[Opening Dataset extract section]

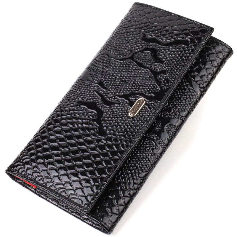 Елегантний лакований гаманець для жінок із натуральної фактурної шкіри з тисненням під рептилію CANPELLINI Чорний
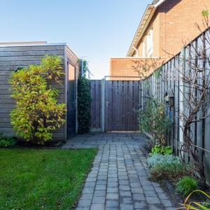 Entree/hal, toilet met fonteintje, lichte woonkamer met toegang tot de bijna 13 meter diepe achtertuin met vrijstaande schuur en achterom, moderne open keuken voorzien van diverse inbouwapparatuur, ruime trapkast, trapopgang naar
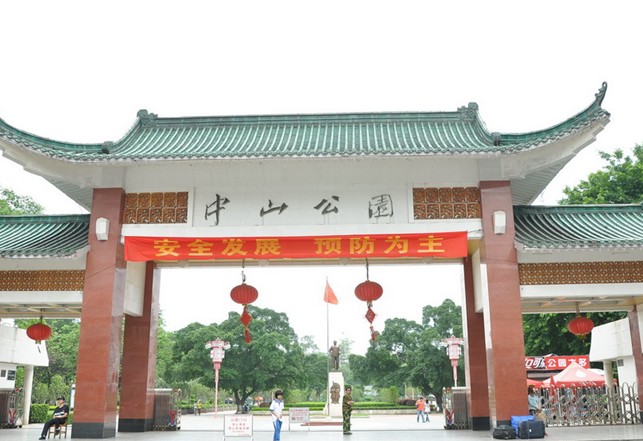 韶關(guān)市中山公園位于市中心區(qū),湞江、武江、北江交匯處,總面積約12公頃。公園以中心大道為主軸線,形成了近三萬平方米開闊的公園城市廣場(chǎng)。主軸線上建有古典大屋頂琉璃瓦大門,孫中山雕像,音樂噴泉及文藝演出舞臺(tái)等建筑。廣場(chǎng)最高游人容量可達(dá)2萬多人。公園沿周邊規(guī)劃了兒童活動(dòng)區(qū)、安靜休息區(qū)、盆景園、竹園以及水景區(qū)五個(gè)小區(qū)。
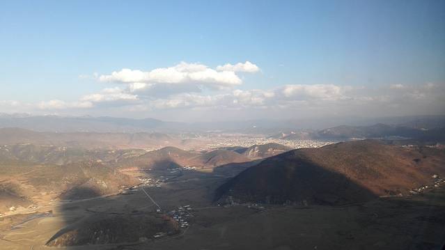 香格里拉的上空,飞机快要降落了。

[Closing Dataset extract section]

Task directions – Write out every line above exactly, minus images.

Answer box –
 Елегантний лакований гаманець для жінок із натуральної фактурної шкіри з тисненням під рептилію CANPELLINI Чорний
 Entree/hal, toilet met fonteintje, lichte woonkamer met toegang tot de bijna 13 meter diepe achtertuin met vrijstaande schuur en achterom, moderne open keuken voorzien van diverse inbouwapparatuur, ruime trapkast, trapopgang naar
 韶關(guān)市中山公園位于市中心區(qū),湞江、武江、北江交匯處,總面積約12公頃。公園以中心大道為主軸線,形成了近三萬平方米開闊的公園城市廣場(chǎng)。主軸線上建有古典大屋頂琉璃瓦大門,孫中山雕像,音樂噴泉及文藝演出舞臺(tái)等建筑。廣場(chǎng)最高游人容量可達(dá)2萬多人。公園沿周邊規(guī)劃了兒童活動(dòng)區(qū)、安靜休息區(qū)、盆景園、竹園以及水景區(qū)五個(gè)小區(qū)。
 香格里拉的上空,飞机快要降落了。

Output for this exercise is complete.